Les Sisters Of Mercy, légendes du rock gothique, fêtaient hier soir leurs trente ans à l’Ancienne Belgique. Retour sur la première de deux soirées en noir. Les princes goths répondent-ils toujours aux souffrances de leurs disciples?
Ah, avoir quinze ans! Se délecter des accords sombres des premiers Cure, Bauhaus ou Sisters of Mercy en lisant «Les souffrances du jeune Werther». S’évader dans un imaginaire d’un autre siècle, d’une autre réalité où on n’était plus seul dans son mal être. C’était ça le rock gothique!
Cette année, les Sisters of Mercy fêtent leurs trente ans. Double passage à l’Ancienne Belgique pour l’occasion, forcément à guichet fermé. Dans la salle, on patiente devant deux écrans qui jouent des scènes de films sci-fi de série Z. Autour de nous, des quadragénaires nostalgiques aux allures de banquiers se mélangent aux corbeaux humains dans leur plus bel uniforme. Les t-shirts à l’effigie du groupe sont visibles partout. Car les Sisters font (ou ont fait) partie intégrante de la vie de leurs fans. Ils représentent. Et ce simple fait vaut toutes les reconnaissances.
On en est là dans nos pensées quand une salve de fumigène vient noyer la salle et le (pourtant fort esthétique) décor de scène – des barres de fer en forme mikado et quelques mini-tours industrielles. La première partie du concert est pas loin d’être catastrophique. Les fumigènes cachent toute la scène (déjà, des fumigènes! Bientôt une soirée mousse?); le son est dégueulasse, une bouillie indus-goth pas aidée par des grateux pas loin d’être irrécupérables; et puis Andrew Eldritch, lider maximus, crâne chauve, cuir et lunettes noirs et air concerné. Andrew qui se déplace partout, SAUF sur le devant de la scène. Andrew dont on entrave rien de ce qu’il aboie, sa voix étant soit trop basse, soit trop haute, dans les deux cas perdue dans une overdose d’écho. La voix d’outre-tombe se perd dans le vide… Et le tout sonne comme du mauvais Marilyn Manson.
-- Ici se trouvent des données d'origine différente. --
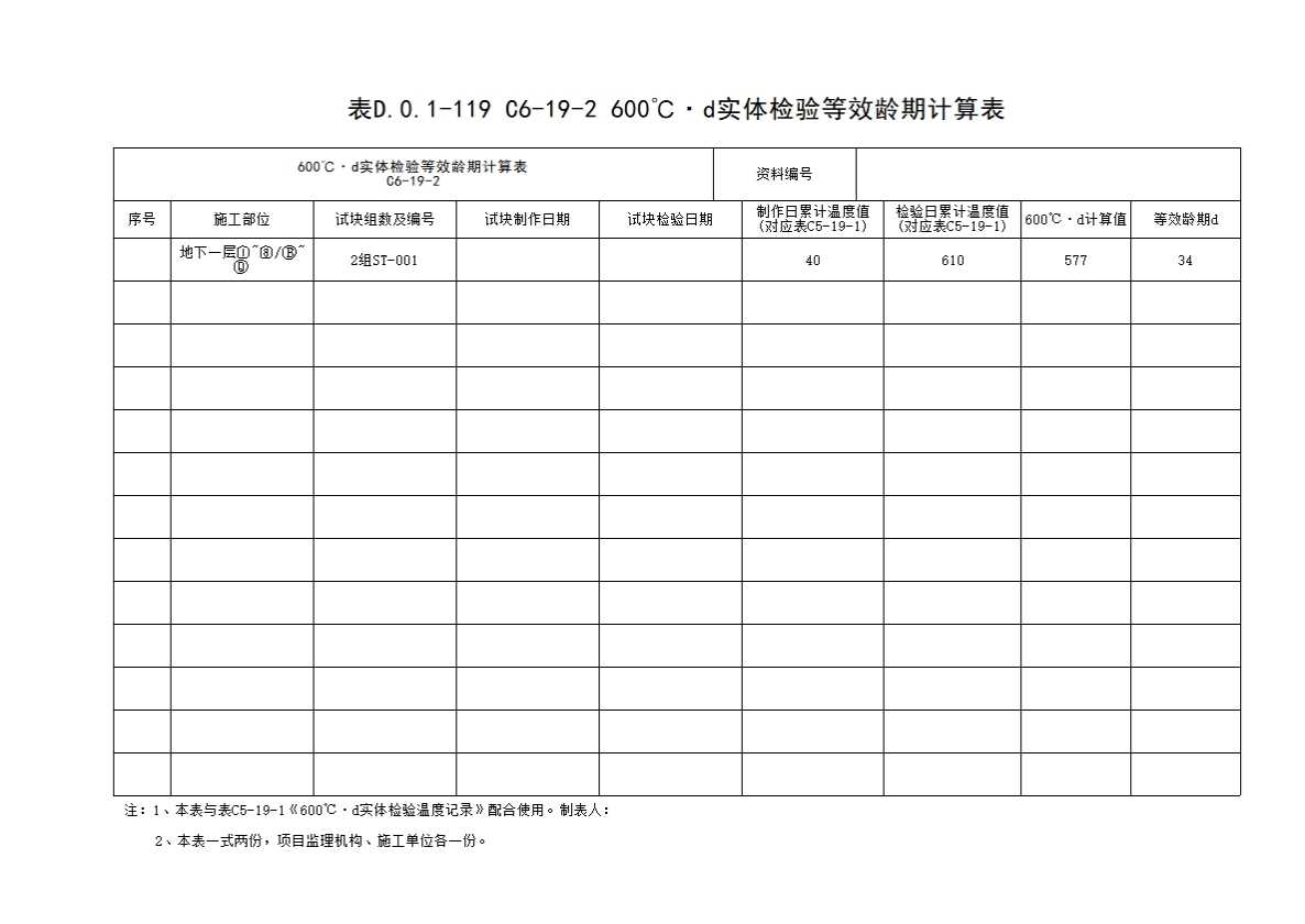 表格名称:表D.0.1-119 C6-19-2 600℃·d实体检验等效龄期计算表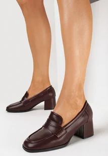 Bordowe Półbuty na Słupku z Kwadratowym Noskiem i Ozdobnym Paskiem Smotere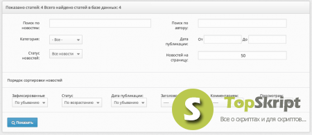 16. В админпанели в разделе редактирования новостей, для расширенного поиска, добавлена возможность выбора порядка сортировки новостей по количеству комментариев и по количеству просмотров.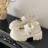 Zapatos Mary Jane Beige Francés para Mujer 2025 Primavera Nuevo Estilo Lazo Boca Baja Hada Brisa Nocturna Suaves Zapatos Planos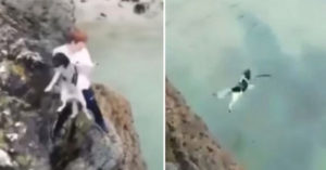 Un video difundido en redes sociales muestra el momento en el que el joven lanza al animal al mar.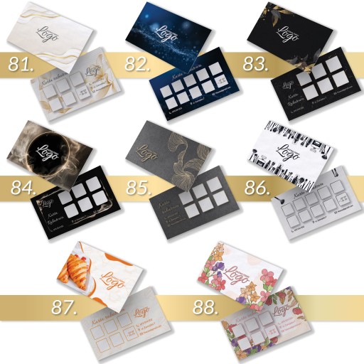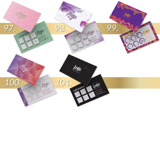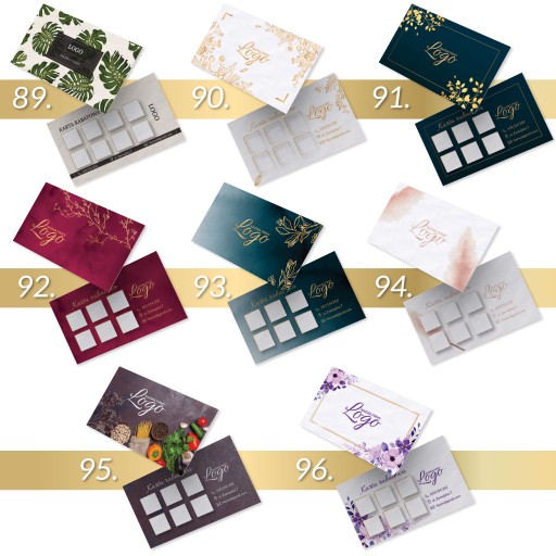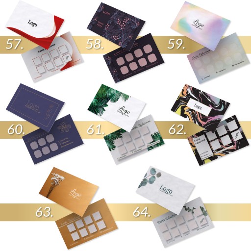 Najpierw wybierz wzór karty, następnie na pierwszej stronie zamieść swoje logo + tekst. Na drugiej stronie masz możliwość modyfikacji pól na pieczątki (ilość, kształt, kolor) oraz zmianę ikonek (telefon, kontakt, lokalizacja, strona www, social media).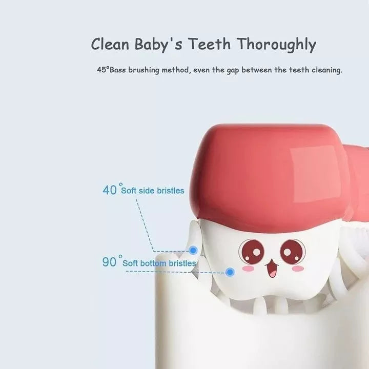 Dentist-recommended, unique brush head cleans all sides of the tooth all at once while developing good brushing habits and reducing the occurrence of tooth decay. Soft, rounded bristles are gentle on your little one's teeth and gums.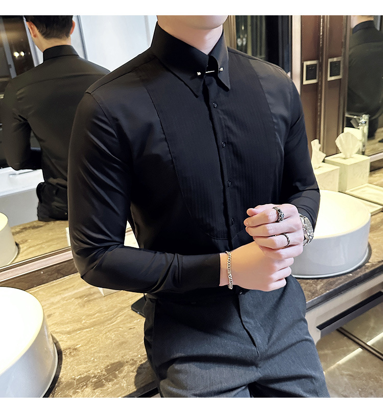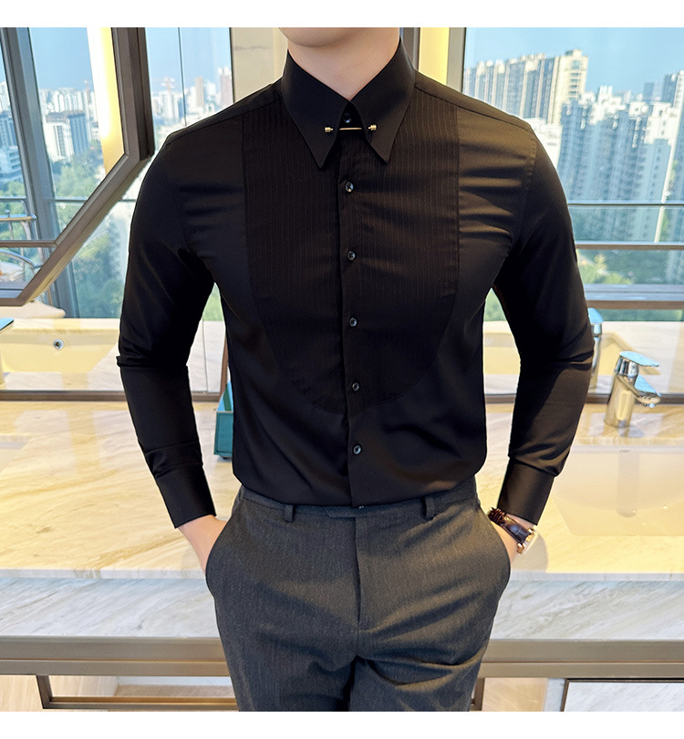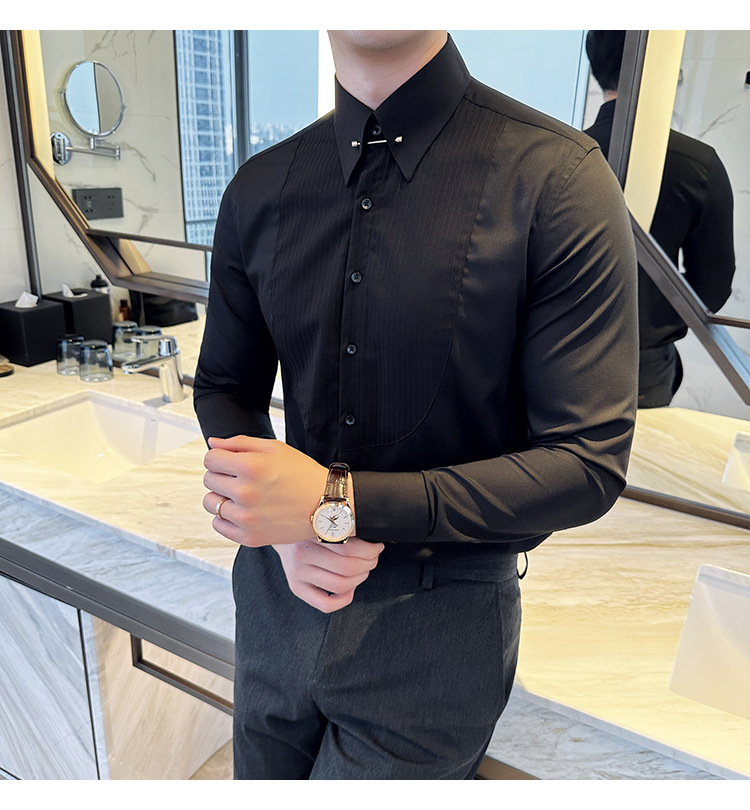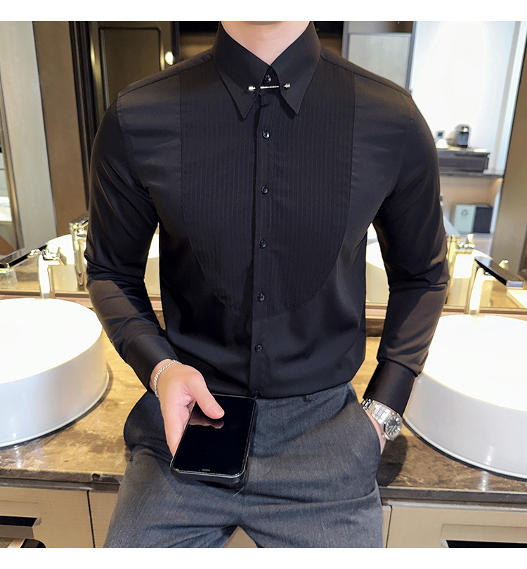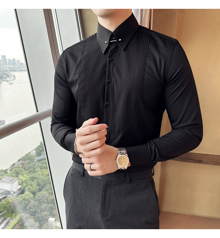 플리츠 스트라이프 프렌치 셔츠 네크라인 금속 장식 디자인 남성용 가운 가벼운 럭셔리 높은 질감 긴 소매 셔츠

Et puis, ça s’améliore. Déjà, depuis le balcon, le son est bien meilleur. Surtout, on finit par se laisser aller, on se replonge dans ces hymnes en noir, on partage l’émotion de nos concitoyens… On retrouve presque nos sensations d’adolescents. Dominion fait (enfin) soulever les foules, Alice enfonce le clou. Ça chante dans la fosse comme sur le balcon. Suzanne, Temple Of Love, First And Last And Always… Les Sisters sont les U2 goths, pour le meilleur et pour le pire… C’est musicalement assez pauvre, mais les refrains sont scandés par une multitude et hurlent à la pleine lune.
Sisters Of Mercy, cuvée 2011. Souvent maladroit dans ses tentatives de moderniser son son, mais jouissif du fait de son statut de groupe culte, symbole d’une sous-culture qui a marqué son époque (et continue de grossir ses rangs). Ce soir encore, les Sisters ont adouci nos peines.